### MATERIAL PROVIDED

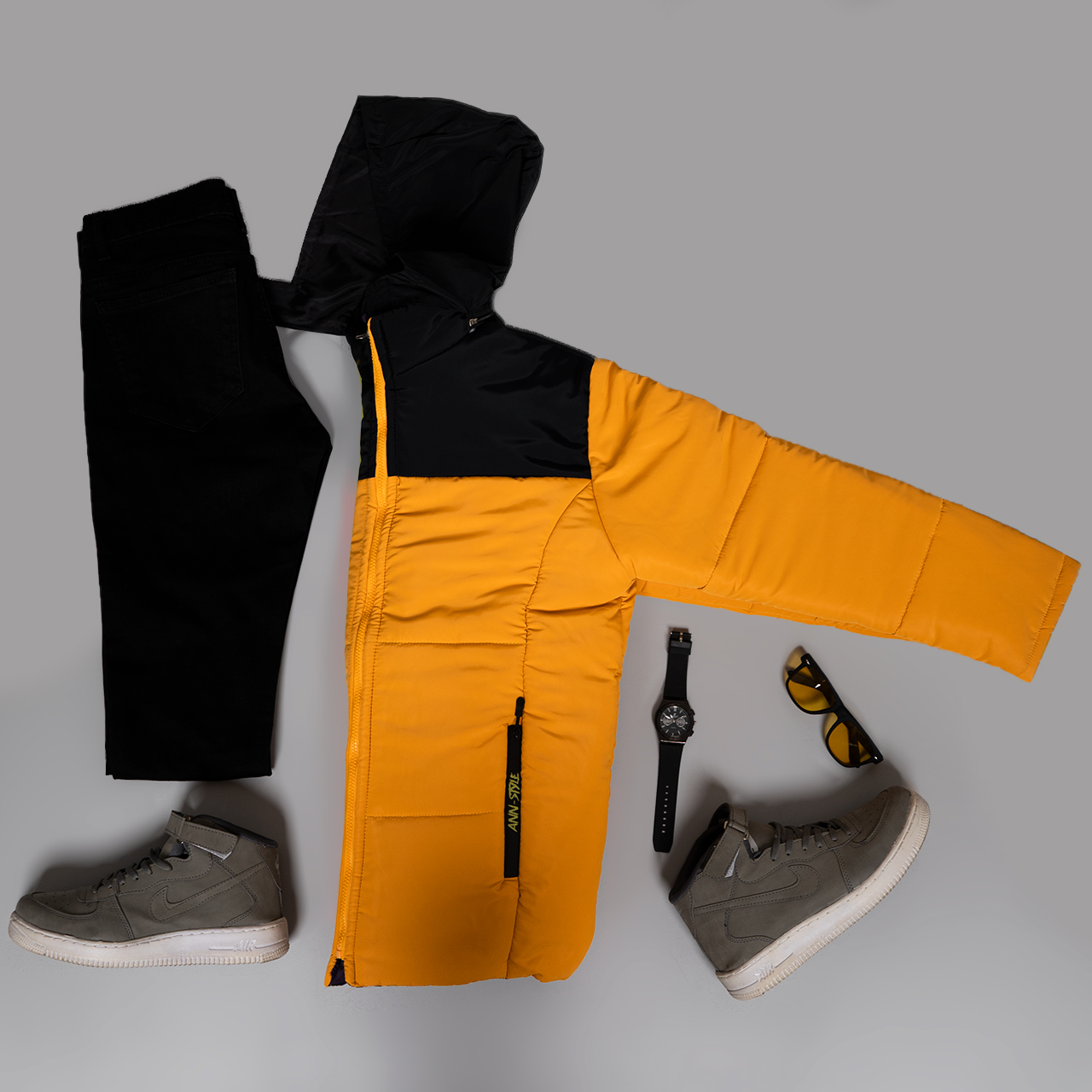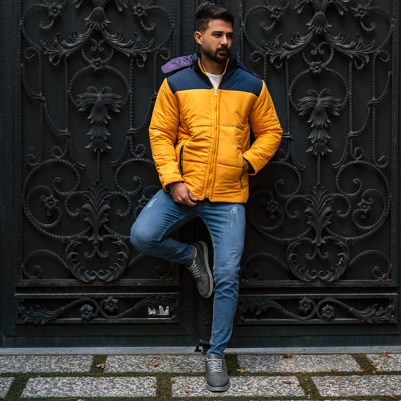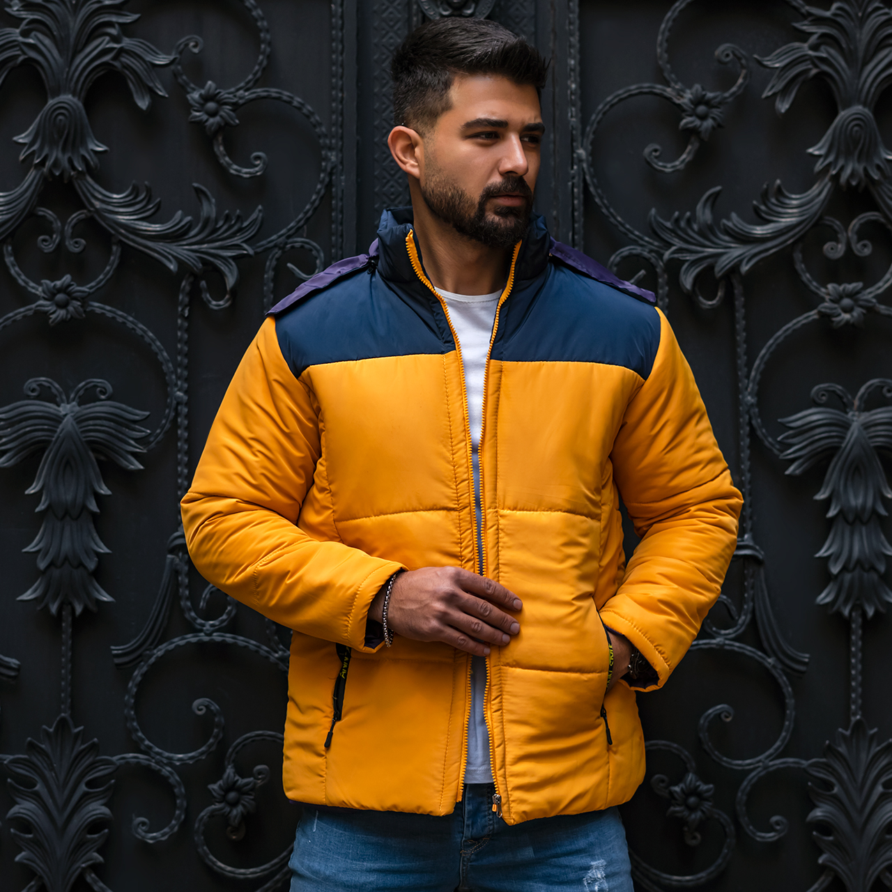 کاپشن دورنگ سرمه ای زرد مردانه مدلAidin
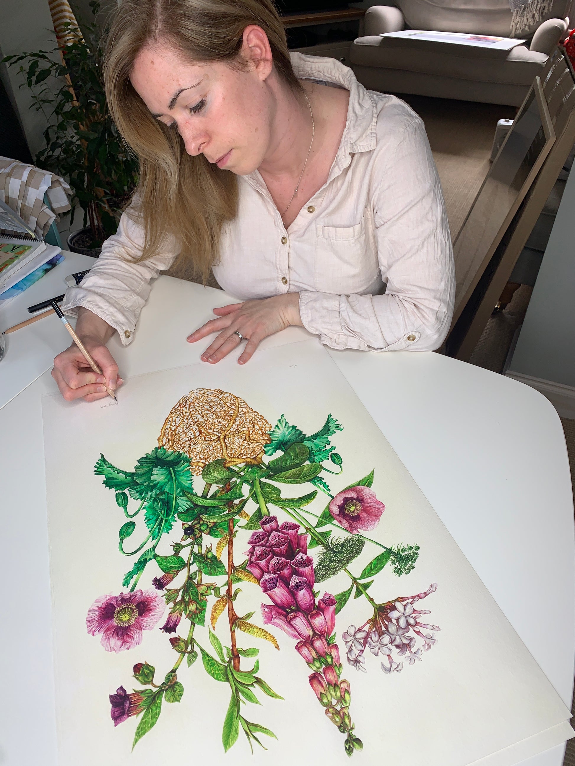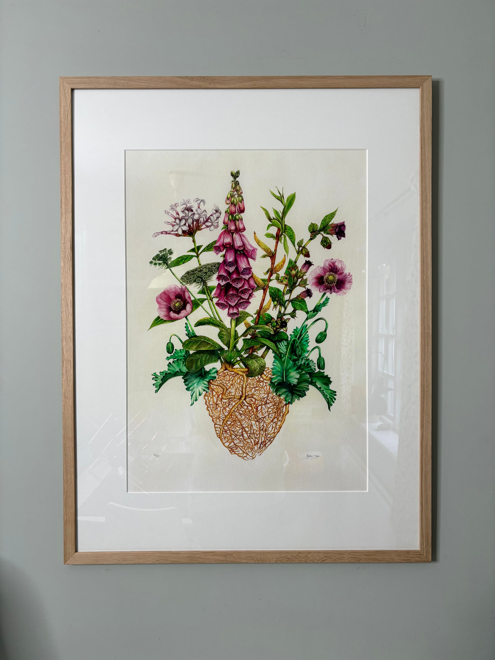 This exquisite piece of botanical art has a deeper story with the roots amassing into a network of anatomically accurate coronary arteries. The plants erupting from this meshwork all have origins for modern prescription cardiac medications (explained from left to right):
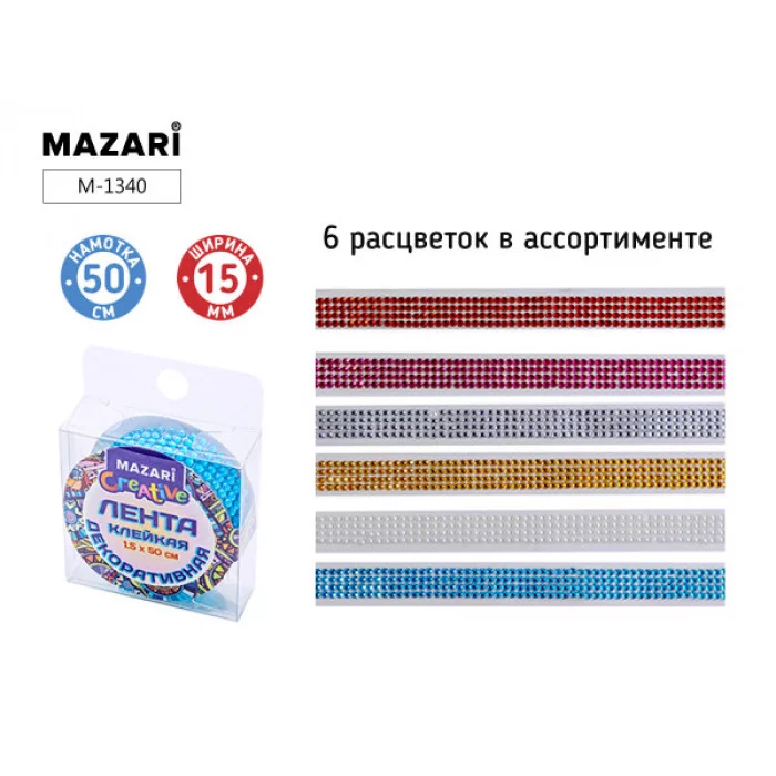 Лента клейкая декоративная со стразами, размер 50 см х 1.5 см, микс цветов, ПВХ-упаковка M-1340

######

◆ EXERCISE ◆
Output all data exactly, omitting images.

◆ PROBLEM SOLUTION ◆
 کاپشن دورنگ سرمه ای زرد مردانه مدلAidin
 This exquisite piece of botanical art has a deeper story with the roots amassing into a network of anatomically accurate coronary arteries. The plants erupting from this meshwork all have origins for modern prescription cardiac medications (explained from left to right):
 Лента клейкая декоративная со стразами, размер 50 см х 1.5 см, микс цветов, ПВХ-упаковка M-1340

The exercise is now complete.